CREA's April report signifies downward trend for 2011, 2012: TD Economist

Alexander agreed with CREA’s analysis that the federal mortgage rule changes introduced on March 18 contributed to April’s dip in activity. But the latest decline won’t stop here, he said. Once the Bank of Canada (BoC) resumes raising its key interest rate, housing demand will moderate further, he said.

Even though the Canadian economy is, according to the BoC, on track to grow 4.2%  this year and inflation rose above 3% in March, Alexander said the BoC has been reluctant to raise the overnight lending rate because of a number of risks in the global economy, including the slow recovery in the U.S., the sovereign-debt crisis in Europe and rising inflation in emerging markets.

“All of the economic indicators suggest that the Bank of Canada should be raising rates right now, but I think they’re in wait-and-see mode because there are all of these global risks out there,” he told CRE Online.

To keep inflation in check here at home, though, Alexander said BoC Governor Mark Carney will have no choice but to raise the bank’s key interest rate.

TD Economics had originally forecasted that the BoC would raise its overnight lending rate by 25 basis points in July, but in light of Carney’s speech on May 16, Alexander said TD has revised its forecast to September. TD Economics expects the bank will raise the rate until it reaches 3% by mid-2012.

These successive interest rate hikes will depress real estate activity in the latter half of 2011 and through 2012, Alexander said.

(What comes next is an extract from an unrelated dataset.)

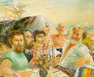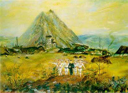 Pleinairteilnehmer Das Riesenrad Kaue Pfingstfest '79 Wilfried Falkenthal, Mansfelder Land I-IV, 1979, Mischtechnik auf Leinwand 1. 97x116 cm 2. 158x99cm 3. 97x116 cm 4. 118x90cm
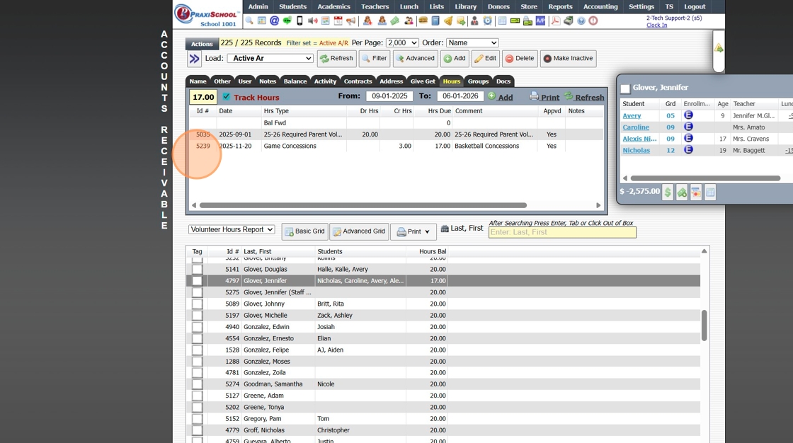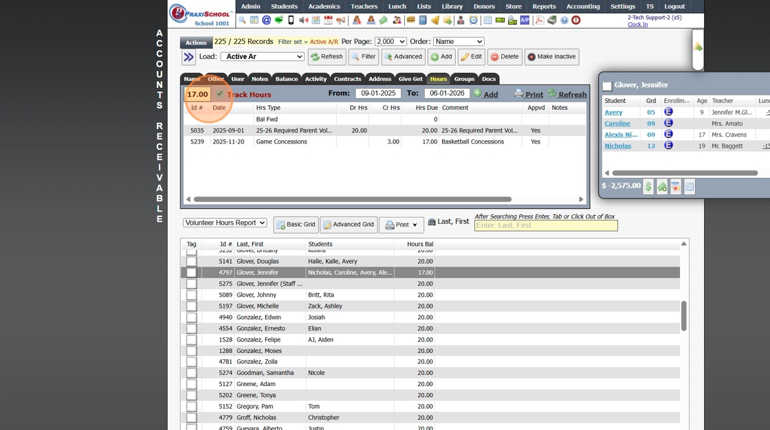 13. Charged and Credited Volunteer Hours are Visible based on the Selected Date Range

“I think next year we’ll see about an 8% decline in sales, and I think we’ll see home prices pulling back by a couple of percentage points. But I do not think that monetary tightening will lead to a significant correction in the marketplace.”

CREA’s report found that seasonally adjusted sales activity edged down in April by 4.4% from March, while actual sales activity on a year-over-year basis dropped 14.7%.  The largest declines in sales activity occurred, as expected, in larger urban centers, such as Vancouver, Fraser Valley and Toronto.

Despite the falling demand, the national average selling price in April rose to $372,544, up 8% from the same month last year. That marks the third consecutive month that the average price has increased by 8% on a year-over-year basis in 2011.  The national average price has been experiencing upward pressure largely because of high-end home sales in Vancouver.

CREA economist Gregory Klump said in a statement released Tuesday that the softening in sales activity is a product of the mortgage rule changes introduced earlier this year. These changes, like the ones last year, pulled sales forward as worried homebuyers raced to beat the March 18 deadline.

“Last April, several transitory factors artificially boosted sales.  This included the impending tightening of mortgage rules, speculation about higher interest rates and the looming introduction of the HST in some provinces.  This year, additional measures to tighten mortgage rules were implemented in March and the other transitory factors were absent,” said Klump.

“This makes it difficult to compare the two months in order to reliably gauge the impact of the latest round of mortgage rule changes.”

One other factor the housing market will have to deal with as demand falls is rising supply. The number of new home listings in April rose 1.3% from March on a seasonally adjusted basis.

In combination with fewer sales, the national sales-to-new listings ratio came in at 52.5% in April, down from 55.7% in March.

Another gauge of the market is the number of months of inventory, which represents how many months it would take to sell the current amount of inventory at the current rate of sales. The national measurement came in at six months at the end of April, up from 5.7 months in March.